DATA EXTRACT
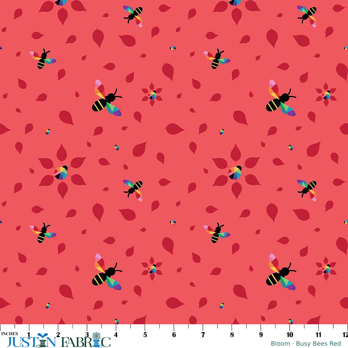 Embrace the whimsical charm of the Busy Bees Red fabric from the Bloom collection by Kristy Lea for Riley Blake Designs. Featuring lively busy bees on a nice red background, this fabric adds a touch of playful elegance to any project.
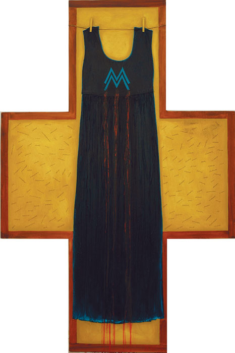 fabric & oil on shaped masonite panel
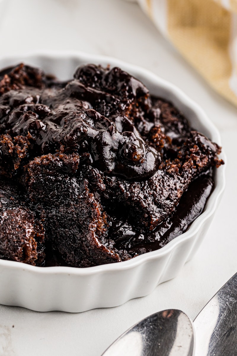 - Soft, gooey, and rich. As it bakes, the batter separates into a tender cake on top and a warm chocolate sauce underneath — like a richer, more indulgent pudding cake.
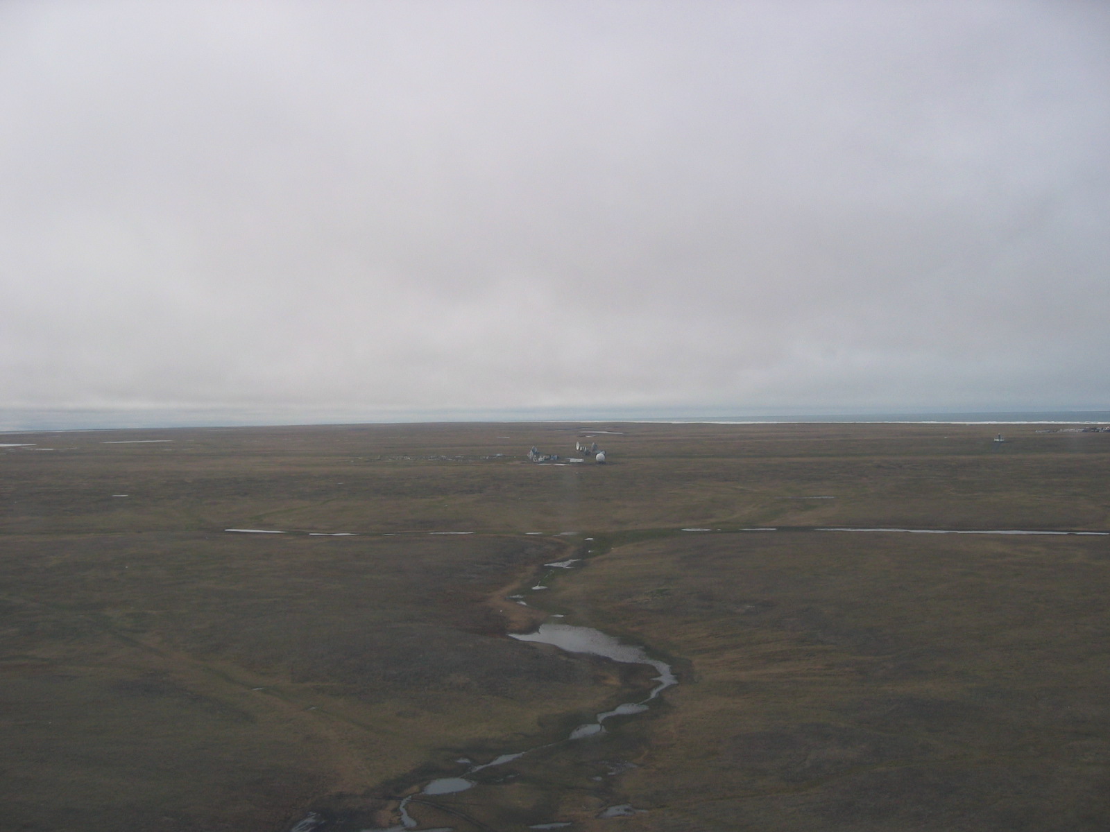 An aerial view of the tundra around Barrow, Alaska as seen from a helicopter heading to the Ikpikpuk Delta.

YOUR INSTRUCTIONS
Give back exactly the lines from the line with "- Soft, gooey, and" through the end of the material above, inclusive, with no pictures.

THE COMPLETED TASK
 - Soft, gooey, and rich. As it bakes, the batter separates into a tender cake on top and a warm chocolate sauce underneath — like a richer, more indulgent pudding cake.
 An aerial view of the tundra around Barrow, Alaska as seen from a helicopter heading to the Ikpikpuk Delta.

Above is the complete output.